§ **Prompt**
Reproduce the entries shown below only from the line with "Завдяки розміру діаметра" down to the line with "Matéria/Técnica: Tapeçaria de", keeping both end lines and copying each one exactly.
━━ Records to process ━━
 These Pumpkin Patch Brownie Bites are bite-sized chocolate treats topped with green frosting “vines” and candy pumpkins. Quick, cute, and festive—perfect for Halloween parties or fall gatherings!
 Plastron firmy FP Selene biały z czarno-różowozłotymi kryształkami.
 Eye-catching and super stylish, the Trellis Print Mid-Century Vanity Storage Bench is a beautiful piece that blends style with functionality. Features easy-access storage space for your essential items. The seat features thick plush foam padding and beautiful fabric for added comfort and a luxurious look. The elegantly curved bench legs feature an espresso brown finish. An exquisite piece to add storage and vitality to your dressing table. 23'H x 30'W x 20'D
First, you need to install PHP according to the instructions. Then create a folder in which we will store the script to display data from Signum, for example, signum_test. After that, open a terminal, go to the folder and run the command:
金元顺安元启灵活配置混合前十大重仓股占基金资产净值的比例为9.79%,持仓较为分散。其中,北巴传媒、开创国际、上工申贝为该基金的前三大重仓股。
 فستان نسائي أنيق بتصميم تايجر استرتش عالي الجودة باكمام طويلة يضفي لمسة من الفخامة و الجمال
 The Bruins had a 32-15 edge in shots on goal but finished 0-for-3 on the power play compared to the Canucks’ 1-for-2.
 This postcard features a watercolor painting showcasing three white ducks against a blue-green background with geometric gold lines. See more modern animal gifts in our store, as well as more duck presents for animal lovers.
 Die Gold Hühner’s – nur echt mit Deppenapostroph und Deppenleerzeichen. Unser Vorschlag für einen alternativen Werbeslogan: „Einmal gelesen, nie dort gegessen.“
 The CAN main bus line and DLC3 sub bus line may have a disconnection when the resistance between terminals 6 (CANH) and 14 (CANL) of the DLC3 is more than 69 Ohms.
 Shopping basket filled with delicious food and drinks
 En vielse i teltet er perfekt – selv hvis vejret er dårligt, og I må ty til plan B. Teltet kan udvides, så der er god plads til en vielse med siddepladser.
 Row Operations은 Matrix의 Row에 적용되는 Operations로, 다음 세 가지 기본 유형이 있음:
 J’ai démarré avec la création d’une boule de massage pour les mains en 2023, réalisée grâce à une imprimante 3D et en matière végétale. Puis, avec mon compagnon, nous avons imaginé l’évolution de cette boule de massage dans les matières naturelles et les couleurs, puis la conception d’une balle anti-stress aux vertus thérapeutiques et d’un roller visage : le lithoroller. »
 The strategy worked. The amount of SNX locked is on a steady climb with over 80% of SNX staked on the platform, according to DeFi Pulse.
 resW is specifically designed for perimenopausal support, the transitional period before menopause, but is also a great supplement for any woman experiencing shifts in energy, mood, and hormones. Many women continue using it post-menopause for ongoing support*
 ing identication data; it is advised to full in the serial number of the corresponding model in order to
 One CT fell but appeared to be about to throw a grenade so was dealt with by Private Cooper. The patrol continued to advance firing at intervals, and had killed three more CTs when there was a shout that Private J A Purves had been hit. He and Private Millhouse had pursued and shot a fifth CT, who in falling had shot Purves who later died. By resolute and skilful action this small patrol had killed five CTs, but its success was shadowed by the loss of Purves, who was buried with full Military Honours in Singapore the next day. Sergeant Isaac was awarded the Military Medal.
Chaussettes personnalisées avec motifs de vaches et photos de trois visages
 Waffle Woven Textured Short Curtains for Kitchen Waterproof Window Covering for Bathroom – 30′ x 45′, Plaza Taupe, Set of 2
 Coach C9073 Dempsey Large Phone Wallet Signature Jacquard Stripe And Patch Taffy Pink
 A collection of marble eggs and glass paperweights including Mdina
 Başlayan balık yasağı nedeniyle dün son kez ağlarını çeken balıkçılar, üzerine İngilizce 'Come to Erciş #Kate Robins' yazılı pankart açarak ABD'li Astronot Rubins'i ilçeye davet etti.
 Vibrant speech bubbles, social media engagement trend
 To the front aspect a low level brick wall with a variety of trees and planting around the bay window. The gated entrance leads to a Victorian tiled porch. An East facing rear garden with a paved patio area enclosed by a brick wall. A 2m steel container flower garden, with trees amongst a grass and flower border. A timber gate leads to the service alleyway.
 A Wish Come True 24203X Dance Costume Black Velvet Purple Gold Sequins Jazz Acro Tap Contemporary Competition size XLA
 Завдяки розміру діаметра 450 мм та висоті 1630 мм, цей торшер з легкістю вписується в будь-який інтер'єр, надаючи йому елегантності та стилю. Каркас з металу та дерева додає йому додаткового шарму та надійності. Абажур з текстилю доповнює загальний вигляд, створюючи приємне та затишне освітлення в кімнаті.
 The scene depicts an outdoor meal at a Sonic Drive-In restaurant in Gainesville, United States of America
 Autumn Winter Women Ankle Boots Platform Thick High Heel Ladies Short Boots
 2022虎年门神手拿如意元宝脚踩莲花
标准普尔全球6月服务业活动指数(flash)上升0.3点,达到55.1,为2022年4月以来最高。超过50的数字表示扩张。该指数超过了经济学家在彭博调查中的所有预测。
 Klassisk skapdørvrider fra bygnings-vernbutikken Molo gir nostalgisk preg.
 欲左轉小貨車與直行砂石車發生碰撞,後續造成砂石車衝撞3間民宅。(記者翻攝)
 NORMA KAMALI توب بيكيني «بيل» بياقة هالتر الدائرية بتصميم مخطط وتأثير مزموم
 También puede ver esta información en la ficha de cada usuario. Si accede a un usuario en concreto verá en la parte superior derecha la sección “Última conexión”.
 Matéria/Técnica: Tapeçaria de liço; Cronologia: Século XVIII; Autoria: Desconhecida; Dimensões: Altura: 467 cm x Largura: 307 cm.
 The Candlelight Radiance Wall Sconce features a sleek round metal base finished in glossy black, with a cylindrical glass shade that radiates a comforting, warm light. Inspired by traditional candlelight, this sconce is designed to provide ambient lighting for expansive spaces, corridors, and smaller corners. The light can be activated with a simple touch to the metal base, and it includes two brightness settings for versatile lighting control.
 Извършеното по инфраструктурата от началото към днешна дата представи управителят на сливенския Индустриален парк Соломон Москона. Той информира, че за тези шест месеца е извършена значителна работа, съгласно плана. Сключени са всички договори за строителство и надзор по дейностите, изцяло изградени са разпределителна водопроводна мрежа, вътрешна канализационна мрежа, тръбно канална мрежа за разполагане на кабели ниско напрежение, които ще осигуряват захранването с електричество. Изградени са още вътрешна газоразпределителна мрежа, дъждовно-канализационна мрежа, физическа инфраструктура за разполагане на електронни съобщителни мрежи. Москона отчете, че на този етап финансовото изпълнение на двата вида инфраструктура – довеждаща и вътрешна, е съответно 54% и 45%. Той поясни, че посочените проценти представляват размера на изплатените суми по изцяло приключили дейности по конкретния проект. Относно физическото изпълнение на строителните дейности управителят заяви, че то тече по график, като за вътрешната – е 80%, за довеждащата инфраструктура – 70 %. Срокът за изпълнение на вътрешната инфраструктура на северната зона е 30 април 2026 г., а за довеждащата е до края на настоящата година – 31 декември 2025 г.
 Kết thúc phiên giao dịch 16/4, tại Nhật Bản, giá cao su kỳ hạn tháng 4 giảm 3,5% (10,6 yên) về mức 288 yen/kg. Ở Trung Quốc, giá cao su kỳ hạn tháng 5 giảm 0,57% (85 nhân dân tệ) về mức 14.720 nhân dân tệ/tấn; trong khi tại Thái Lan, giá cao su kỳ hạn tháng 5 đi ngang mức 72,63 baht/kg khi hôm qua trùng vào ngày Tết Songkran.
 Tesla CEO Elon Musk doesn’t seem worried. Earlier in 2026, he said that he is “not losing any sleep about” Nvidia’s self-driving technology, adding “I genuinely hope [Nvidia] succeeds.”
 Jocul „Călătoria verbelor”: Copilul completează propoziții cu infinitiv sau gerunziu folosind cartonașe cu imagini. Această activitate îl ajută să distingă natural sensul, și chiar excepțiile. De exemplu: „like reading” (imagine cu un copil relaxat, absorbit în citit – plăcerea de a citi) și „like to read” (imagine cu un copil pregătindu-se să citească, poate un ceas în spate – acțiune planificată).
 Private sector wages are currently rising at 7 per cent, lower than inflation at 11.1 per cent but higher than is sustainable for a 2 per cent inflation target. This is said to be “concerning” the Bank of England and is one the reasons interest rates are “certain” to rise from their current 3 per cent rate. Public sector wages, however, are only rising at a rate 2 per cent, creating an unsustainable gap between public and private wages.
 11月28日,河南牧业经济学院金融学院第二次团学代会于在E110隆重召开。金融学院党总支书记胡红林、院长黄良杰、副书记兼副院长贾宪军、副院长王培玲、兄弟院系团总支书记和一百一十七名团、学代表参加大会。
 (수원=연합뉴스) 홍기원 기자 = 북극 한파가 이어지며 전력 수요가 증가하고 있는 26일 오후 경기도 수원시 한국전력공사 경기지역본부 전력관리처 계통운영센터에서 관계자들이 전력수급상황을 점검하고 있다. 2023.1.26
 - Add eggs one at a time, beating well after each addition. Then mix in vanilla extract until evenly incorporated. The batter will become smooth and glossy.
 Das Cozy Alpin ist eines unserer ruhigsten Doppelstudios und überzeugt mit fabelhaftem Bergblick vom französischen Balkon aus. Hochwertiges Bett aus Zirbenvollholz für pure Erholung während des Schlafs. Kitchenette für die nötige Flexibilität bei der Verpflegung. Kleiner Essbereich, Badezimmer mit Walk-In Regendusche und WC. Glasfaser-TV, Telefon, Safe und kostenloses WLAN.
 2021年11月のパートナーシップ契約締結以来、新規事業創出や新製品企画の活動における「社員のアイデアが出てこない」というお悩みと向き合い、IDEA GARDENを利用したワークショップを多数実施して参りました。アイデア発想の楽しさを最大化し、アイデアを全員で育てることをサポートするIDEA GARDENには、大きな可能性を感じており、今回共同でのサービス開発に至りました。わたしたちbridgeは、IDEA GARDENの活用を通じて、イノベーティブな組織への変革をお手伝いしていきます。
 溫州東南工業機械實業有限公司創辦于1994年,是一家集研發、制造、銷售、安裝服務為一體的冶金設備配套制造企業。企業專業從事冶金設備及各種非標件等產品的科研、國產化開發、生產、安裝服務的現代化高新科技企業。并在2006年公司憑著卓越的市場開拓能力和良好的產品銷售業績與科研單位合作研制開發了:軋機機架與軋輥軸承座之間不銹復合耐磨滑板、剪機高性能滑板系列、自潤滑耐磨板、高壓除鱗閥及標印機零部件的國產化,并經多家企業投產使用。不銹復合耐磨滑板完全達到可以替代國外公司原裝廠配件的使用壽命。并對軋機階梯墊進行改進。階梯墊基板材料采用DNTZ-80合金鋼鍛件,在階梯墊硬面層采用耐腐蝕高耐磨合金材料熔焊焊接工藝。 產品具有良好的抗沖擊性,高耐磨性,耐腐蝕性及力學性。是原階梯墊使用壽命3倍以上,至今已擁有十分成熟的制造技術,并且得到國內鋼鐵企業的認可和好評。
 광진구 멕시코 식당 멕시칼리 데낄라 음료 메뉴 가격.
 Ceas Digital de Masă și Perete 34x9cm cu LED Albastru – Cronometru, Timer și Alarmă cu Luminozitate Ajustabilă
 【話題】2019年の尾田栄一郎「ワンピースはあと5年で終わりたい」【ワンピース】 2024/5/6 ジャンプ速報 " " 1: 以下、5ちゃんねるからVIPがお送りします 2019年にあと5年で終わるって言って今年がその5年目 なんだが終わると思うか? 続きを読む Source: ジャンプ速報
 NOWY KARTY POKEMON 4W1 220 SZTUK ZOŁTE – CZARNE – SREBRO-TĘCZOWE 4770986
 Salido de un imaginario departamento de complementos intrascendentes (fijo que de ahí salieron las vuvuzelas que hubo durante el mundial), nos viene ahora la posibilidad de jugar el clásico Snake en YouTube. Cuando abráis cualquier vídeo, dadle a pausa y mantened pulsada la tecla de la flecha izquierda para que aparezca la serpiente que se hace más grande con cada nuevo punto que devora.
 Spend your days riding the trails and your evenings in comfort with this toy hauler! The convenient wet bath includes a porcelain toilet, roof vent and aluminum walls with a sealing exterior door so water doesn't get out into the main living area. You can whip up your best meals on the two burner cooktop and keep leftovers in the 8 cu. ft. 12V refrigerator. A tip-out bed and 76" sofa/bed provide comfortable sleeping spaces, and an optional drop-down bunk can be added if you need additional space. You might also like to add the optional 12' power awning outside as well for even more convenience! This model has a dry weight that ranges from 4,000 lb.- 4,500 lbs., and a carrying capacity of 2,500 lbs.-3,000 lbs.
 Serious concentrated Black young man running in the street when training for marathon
━━━
§ **Task result**
 Завдяки розміру діаметра 450 мм та висоті 1630 мм, цей торшер з легкістю вписується в будь-який інтер'єр, надаючи йому елегантності та стилю. Каркас з металу та дерева додає йому додаткового шарму та надійності. Абажур з текстилю доповнює загальний вигляд, створюючи приємне та затишне освітлення в кімнаті.
 The scene depicts an outdoor meal at a Sonic Drive-In restaurant in Gainesville, United States of America
 Autumn Winter Women Ankle Boots Platform Thick High Heel Ladies Short Boots
 2022虎年门神手拿如意元宝脚踩莲花
标准普尔全球6月服务业活动指数(flash)上升0.3点,达到55.1,为2022年4月以来最高。超过50的数字表示扩张。该指数超过了经济学家在彭博调查中的所有预测。
 Klassisk skapdørvrider fra bygnings-vernbutikken Molo gir nostalgisk preg.
 欲左轉小貨車與直行砂石車發生碰撞,後續造成砂石車衝撞3間民宅。(記者翻攝)
 NORMA KAMALI توب بيكيني «بيل» بياقة هالتر الدائرية بتصميم مخطط وتأثير مزموم
 También puede ver esta información en la ficha de cada usuario. Si accede a un usuario en concreto verá en la parte superior derecha la sección “Última conexión”.
 Matéria/Técnica: Tapeçaria de liço; Cronologia: Século XVIII; Autoria: Desconhecida; Dimensões: Altura: 467 cm x Largura: 307 cm.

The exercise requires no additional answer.